Murder in Cold Blood by a Gelatinous Miscreant

Have you ever read about the “Adventure of the Lion’s Mane”? In the story, Sherlock Holmes is enjoying his retirement in a sandy beach in Sussex chatting with his good friend Harold Stackhurst, when suddenly Stackhurt’s science master Fitzroy McPherson staggers up to them in agony, mentions the words “lion’s mane”, collapses, and dies. All over McPherson’s back were found red welts, as if he was attacked by a whip of some sort. Then, after a series of fantastical plot twists including a beautiful maiden, a love affair, a dog thrown out of a plate-glass window, and a bit of alcohol withdrawal syndrome, Holmes finally realizes that the devious mind behind the murder did, in fact, not have much of a mind at all. Conan Doyle writes, “Cyanea capillata is the miscreant’s full name, and he can be as dangerous to life as, and far more painful than, the bite of the cobra.”

Cyanea capillata is the lion’s mane jellyfish. I think its name fits perfectly. This jellyfish is just as magnificent, beautiful, and fearful as a lion’s mane.


The sting of the lion’s mane jellyfish may cause itching, burning, irritation, and cramping to a localized area on the body, but encounters with these jellyfish are very rarely fatal. However, as Conan Doyle mentioned previously, the sting from one of these guys is extremely painful.  You REALLY don’t want to be near one that’s able to split into a gazillion pieces.
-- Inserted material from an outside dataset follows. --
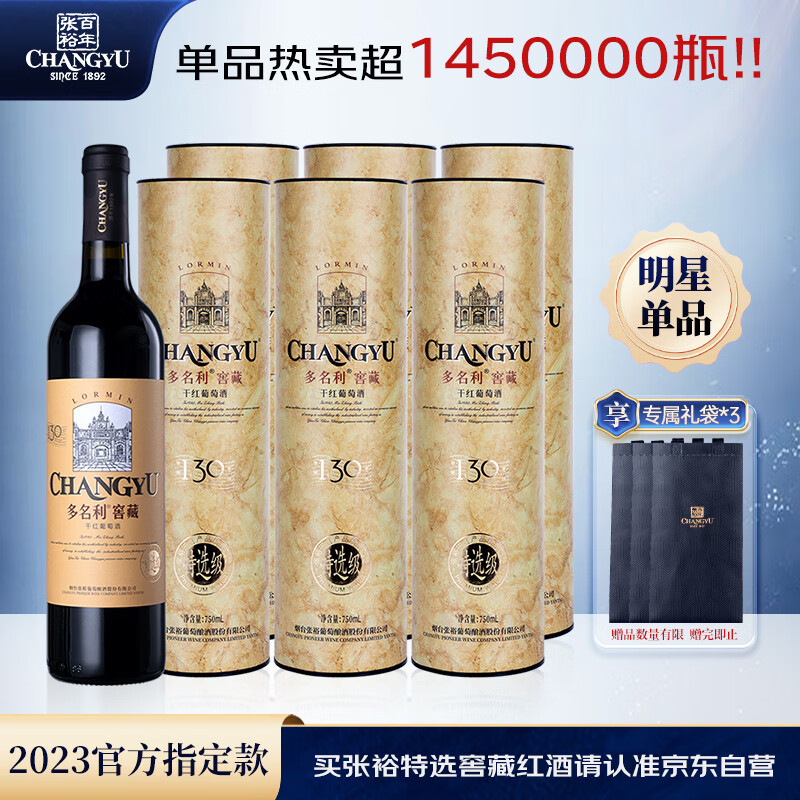 张裕 特选级窖藏赤霞珠干红葡萄酒750ml*6瓶整箱圆筒装国产红酒送礼价格:238.00元!

Here’s a video of the murderer on the prowl:

That one didn’t seem too menacing, right? That specimen might have been from a warmer climate. C. capillata are a coldwater species–they can’t get very big in warm waters. For this reason, they mainly settle down in the chilly, boreal waters of the Arctic, northern Atlantic, and northern Pacific. If there is any species that exemplifies Bergmann’s rule, it might as well be this guy. Bergmann’s rule hypothesizes that populations of a species in colder environments are generally larger than those in warmer environments. Temperature seems to be a very strong determinant of the size of the jellyfish. C. capillata in higher latitudes (where the water is colder) can reach up to 2 meters in bell diameter, while specimens in more southern waters reach up to only about 50 cm.

So just how big can C. capillata get? For one thing, it definitely can’t get this big:

Dr. McClain posted an article about this photograph of the lion’s mane jellyfish, proving it to be photoshopped. However, there is absolutely no doubt that the lion’s mane jellyfish is a monster. One specimen was discovered washed up ashore on Massachusetts Bay with tentacles 120 feet long. That’s longer than a blue whale, making this jellyfish a contender for the longest animal in the world! However, seeing as how most specimens don’t grow to that size, I wanted to make sure I could find the original citation of this specimen. After a lengthy search, I dropped in onto this email chain. Here’s a quick summary of the lion’s mane jellyfish findings:

  • Specimens in the southeast coast of Norway (Skagerrak strait) usually had bell diameters of less than 0.3 meters.
  • Most specimens in the Bering Sea near Alaska had bell diameters less than 0.4 meters.
  • A lion’s mane was observed in Monterey Bay with a bell size of about 0.67 meters.
  • One found in Pacific coast of Southwest Alaska in the summer of 2001 with a bell diameter of somewhere between 0.6 and 0.9 meters.
  • One with a 0.91 meter bell was reported in M’Intosh, W.C. 1885. Notes from the St Andrews Marine Laboratory. I. On the British species of Cyanea, and the reproduction of Mytilus edulis. Ann. Mag. nat. Hist. ser. 5. 15: 148-152.
  • There were several photos of Cyanea capillata from the state of Washington in May 1998 with a bell diameter of about 1.2 meters.
  • An Alaskan fisherman may have spotted one with a bell length of at least 2 meters.
  • The historic 2.3 meter specimen that is mentioned again and again in pop media was detailed in Agassis, A. 1865. Illustrated Catalogue of the Museum of Comparative Zoology at Harvard College. No. 11. North American Acalephae. pp. 1-234. Turns out the specimen is from Nahant, which is near Boston, Massachusetts.
  • There may have been reports of the lion’s mane reaching 2.5 meters in bell diameter near Greenland.

So what’s my say on the true sizing of this ocean giant? I think the jellyfish certainly can reach monstrous sizes of up to 2 meters in bell diameter. But I don’t think that these extremes are characteristic of the species as a whole (they probably reach maximum size at around 0.3 to 0.4 meters). Not a super exciting find, but the lion’s mane jellyfish nonetheless remains one of my favorite ocean animals out there. Here’s why:

Well, looks like the murderer itself faced a fate worse than death. And that, gentlemen, is the circle of life. What a jerk.